• **Work task**: The string "lịch" appears in some lines of the entries that follow; copy each such line.

• **The records**:

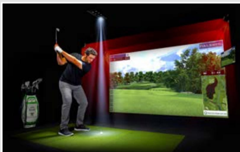
John Rahm trénuje na simulátoru FullSwing PRO2.0
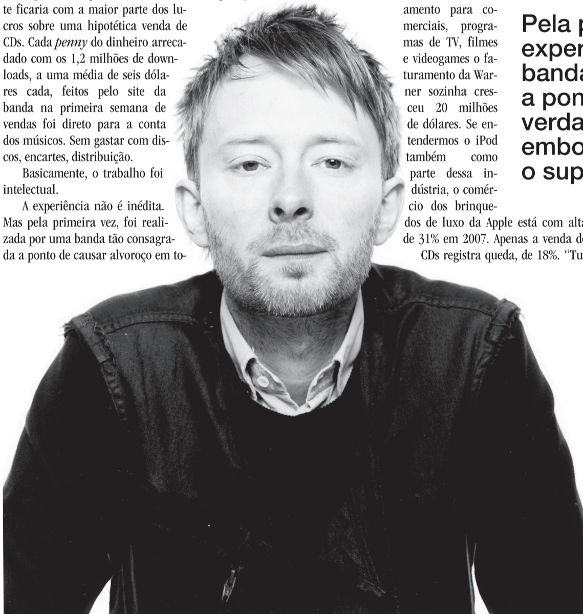
Thom Yorke, vocalista e guitarrista da banda inglesa Radiohead, aclamada por discos como Ok Computer e Kid A
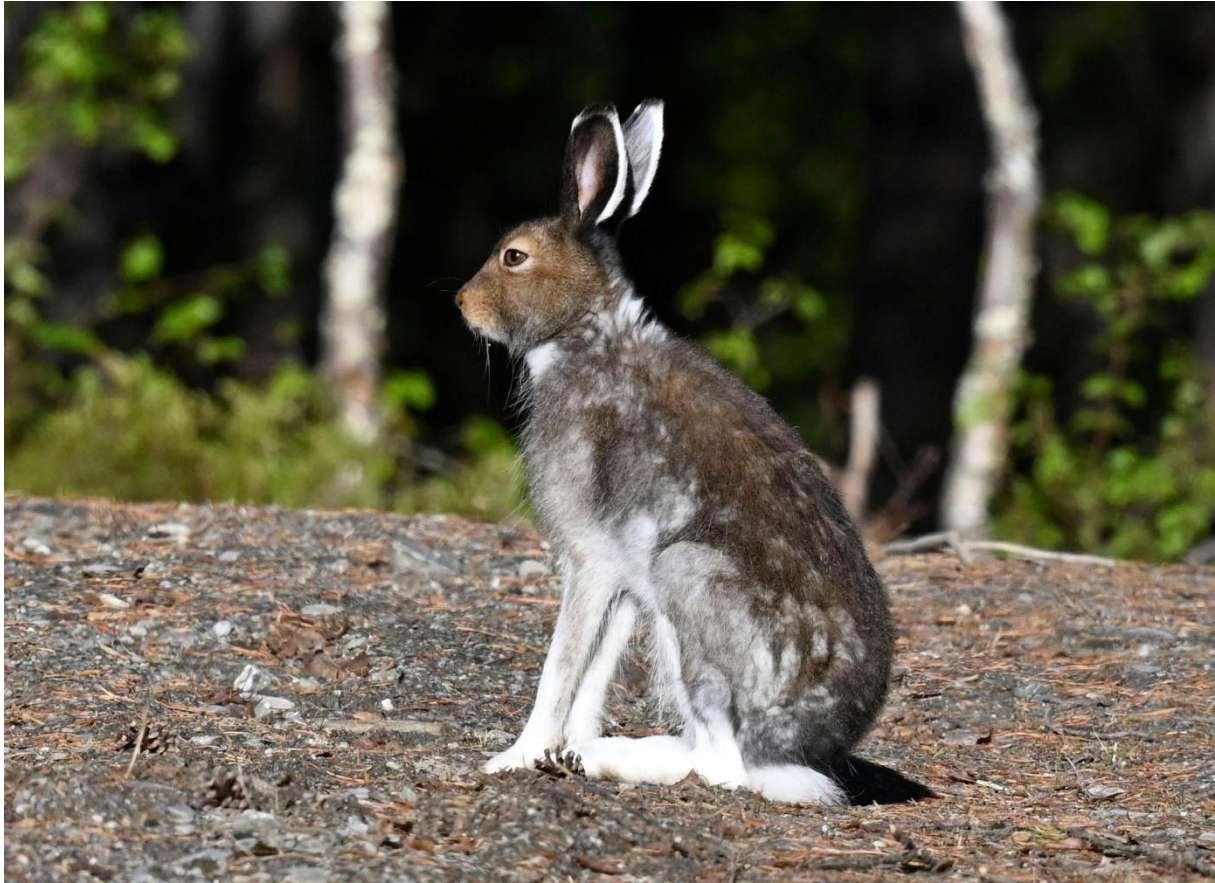
Skogsharen har kvar en hel del vinterpäls även i mitten av juni månad.
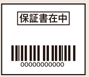
※アクセサリのパッケージはこちらを切り取ってください。
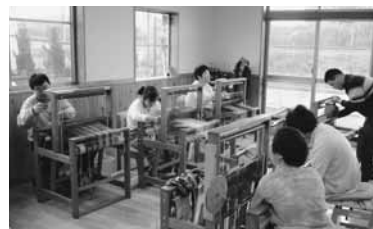
さをり織りの作業をする「とよおか作業所 愛・とーぷ」の皆さん

障害者自立支援法が施行されて1年半が経過しました。市内には、下表のとおり授産施設や小規模作業所など障害者が生き生きと活動されている拠点がたくさんあります。施設を見学してみたい方や利用してみたい方などは、気軽に施設へ問い合わせください。
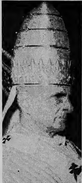
Papa Paulo VI

CIUDAD DEL VATICANO--UPI--Santa Sede a ripiti oposicion di iglesia na control artificial di natalidad y a critica e presidente di Estados Unidos, Lyndon B. Johnson, pa a presenta "problemanan serio di caracter moral", pidiendo e metodonan ey den e zonan sub-alimenta na mundu.
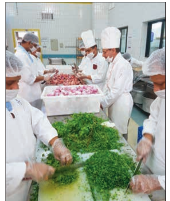
تجهيز الخضراوات اللازمة للمطبخ
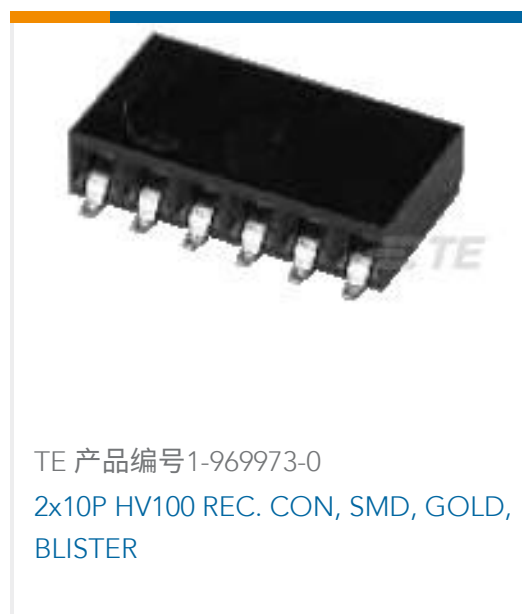
TE 产品编号1-969973-0 2x10P HV100 REC. CON, SMD, GOLD, BLISTER
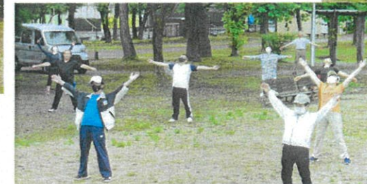
小雨の中、ラジオ体操を楽しむ方々
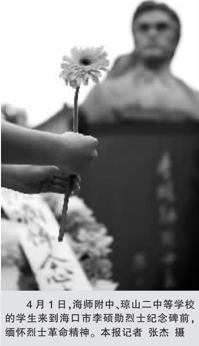
4月1日，海师附中、琼山中等学校的学生来到海口市李硕勋烈士纪念碑前，缅怀烈士革命精神。
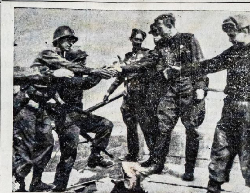
Amerikos ir Sovietų kariai, pagaliau, susijungę, sveikinasi per pralaužtą tiltą virš Elbos upės ties Torgau miestu, Vokietijoje. Šis istorinis amerikiečių susitikimas su raudonarmiečiais perskėlė vokiečių jėgas ir privedė nacių prie greito besąlyginio pasidavimo talkininkams.

Kalėjime jis pradėjo rašyti savo knygą "Mein Kampf", tapusią nacizmo biblija. Išėjęs iš kalėjimo,
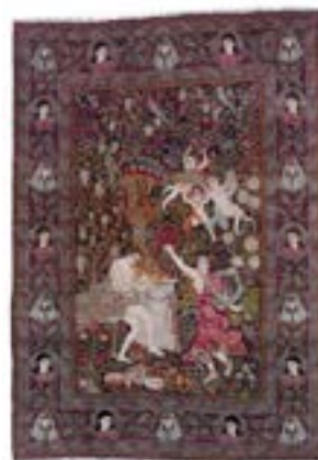
تصویر ۴- قالی رقص الهه به شماره اموال ۱۱۱، به ابعاد ۳۵۰ در ۴۹۸ سانتی‌متر

یک قالی مشابه دیگر با قالی «رقص الهه» نیز وجود دارد که نقوش آن عیناً تکرار شده و در موزه‌ی باغ نگارستان نگهداری می‌شود (تصویر ۶). شخصیت‌های اساطیری، از نقوش اصلی قالی «رقص الهه» محسوب می‌شوند.
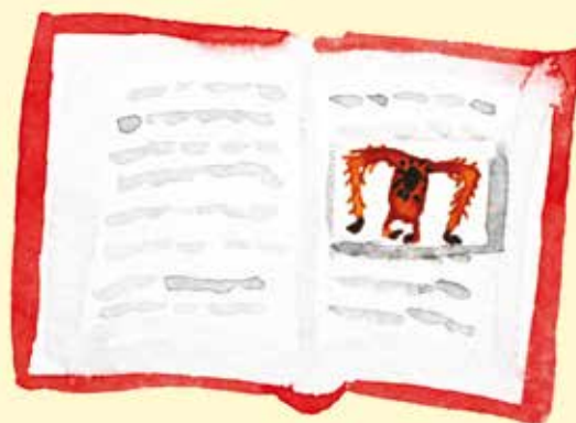
a tanulószobában az éppen olvasott könyvben,
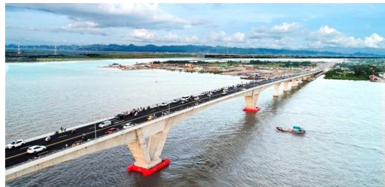
Cầu Tân Vũ - Lạch Huyện đã giúp du lịch Cát Bà khắc phục tính mùa vụ

Năm 2017, lượng khách đến Cát Bà đạt 2.160.000 lượt, tăng 25,43% so với năm 2016. Trong đó, khách quốc tế tăng mạnh với 477.500 lượt, tăng 23,96% so với năm 2016. Doanh thu từ du lịch đạt 1.250 tỷ đồng. Như vậy, ngành du lịch huyện đảo đã vượt trước 3 năm về chỉ tiêu thu hút khách du lịch do Nghị quyết Đại hội Đảng bộ huyện Cát Hải lần thứ XI, nhiệm kỳ 2015 – 2020 đã đề ra. Điều đáng nói là những năm trước, du lịch Cát Bà thường chỉ mang tính mùa vụ, khách chỉ đến đông vào mùa hè, nhưng năm 2017 khi cầu Tân Vũ - Lạch Huyện đi vào hoạt động, rút ngắn thời gian từ đất liền ra đảo thì du lịch Cát Bà đã hút khách cả về mùa đông và không còn mang tính mùa vụ như trước.
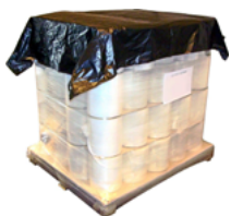
Coiffe de protection
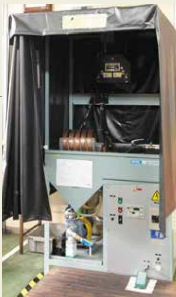
磁粉探傷装置 Magnetic measurement equipment
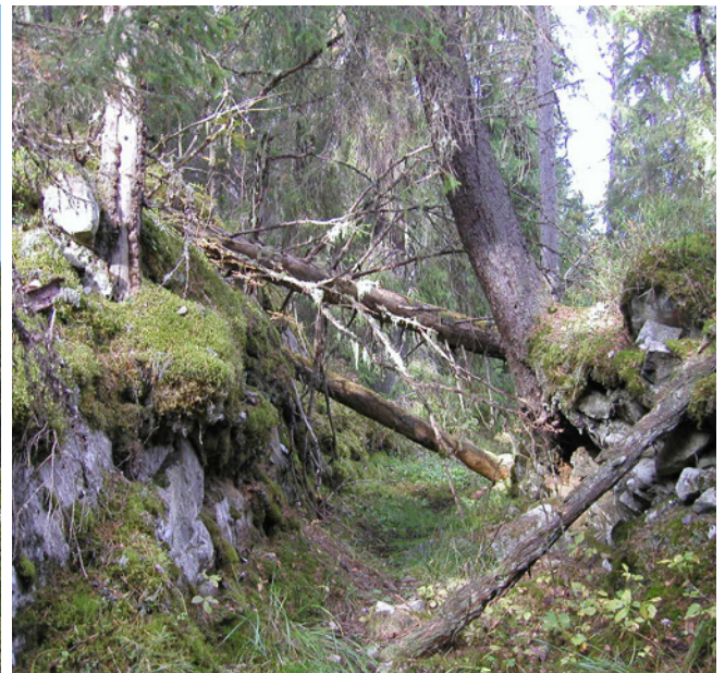
(T.v) Branten upp mot Limberget. Svårigheten att ta sig dit med skogsmaskiner har gjort att skogen fått stå kvar.
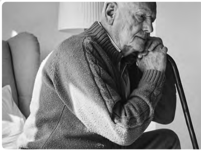
ورجله، ولطالما كانت تسمع عنه الأذى بيمينها، وتسهر عليه إذا اشتكى، فلا تنام حتى ينام، ولا

الجامعات تشغلهم أفلام ومسلسلات الفضائيات عن تحصيل دروسهم. -الإسهام في نشر الرذيلة والإباحية، وسلبيات سلوكية من خلال التركيز على أفلام العنف والإغراء، والشوسع في الإعلانات، وهذا باعتداف أساتذة واجتماعيين غربيين فيقول "جيفري جونسون" من جامعة كولومبيا ومعهد نيويورك للطب النفسي: "إنه يتوجب على أولياء الأمور أن يتجنبوا السماح لأطفالهم بمشاهدة التلفاز لأكثر من ساعة يومياً على الأقل في فترة المراهقة المبكرة"، فلا بد من التأكيد على دور الأسرة في التوعية والتثنية السلبية للفضائيات، وتنظيم وقت الأسرة.
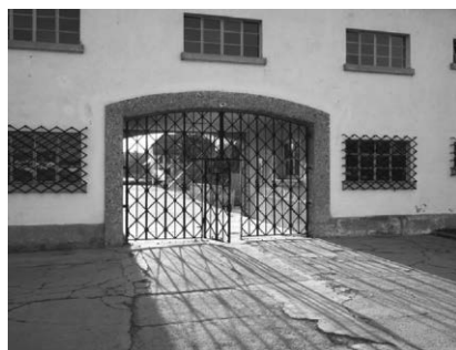
Das ehemalige Lagertor

Umständen den Tod. Weitere Informationen zum zeitlichen Ablauf und dem Programm finden Sie auf der Homepage der vhs oder im Programmheft. Die Studienfahrt kostet 58,90 Euro.
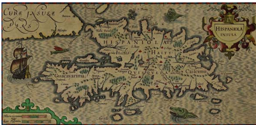
Figura 9: Mapa de La Española, al parecer del siglo XVII, semejante a los existentes en el Atlas de Jodocus Hondius y Gerardo Mercator.
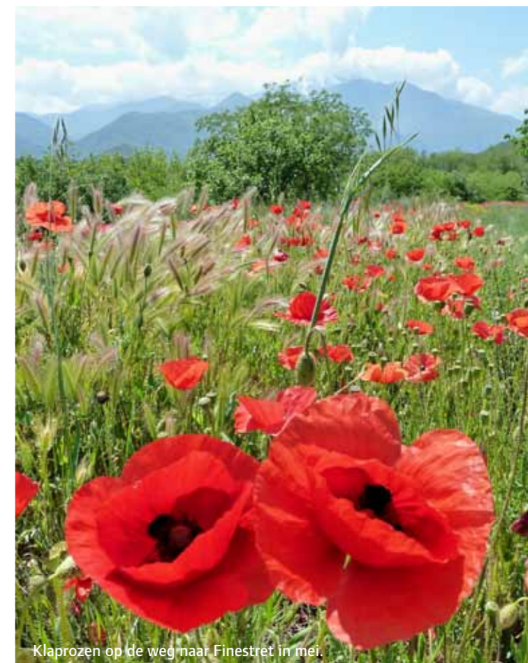
Klaprozen op de weg naar Finestret in mei.
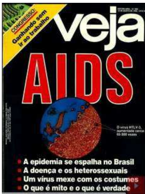
Figura 01 - Veja n. 884, 14/08/1985.

As matérias da edição se valem de um conjunto de características para criar uma ideia de finitude dos homossexuais. Naquele momento, “a doença já provocou 181 mortes no Brasil – 133 delas em São Paulo e o restante no Rio” 5 . A quantidade de mortes tem seu significado como enunciado porque provoca mais impacto. “Com certeza, a atividade homossexual entre homens é o uso por excelência de transmissão do vírus”, destaca a matéria, fazendo uma associação direta da AIDS com a homossexualidade e colaborando no modo como seus leitores passariam a lidar com homossexuais.

• **Your solution**:
Cầu Tân Vũ - Lạch Huyện đã giúp du lịch Cát Bà khắc phục tính mùa vụ
Năm 2017, lượng khách đến Cát Bà đạt 2.160.000 lượt, tăng 25,43% so với năm 2016. Trong đó, khách quốc tế tăng mạnh với 477.500 lượt, tăng 23,96% so với năm 2016. Doanh thu từ du lịch đạt 1.250 tỷ đồng. Như vậy, ngành du lịch huyện đảo đã vượt trước 3 năm về chỉ tiêu thu hút khách du lịch do Nghị quyết Đại hội Đảng bộ huyện Cát Hải lần thứ XI, nhiệm kỳ 2015 – 2020 đã đề ra. Điều đáng nói là những năm trước, du lịch Cát Bà thường chỉ mang tính mùa vụ, khách chỉ đến đông vào mùa hè, nhưng năm 2017 khi cầu Tân Vũ - Lạch Huyện đi vào hoạt động, rút ngắn thời gian từ đất liền ra đảo thì du lịch Cát Bà đã hút khách cả về mùa đông và không còn mang tính mùa vụ như trước.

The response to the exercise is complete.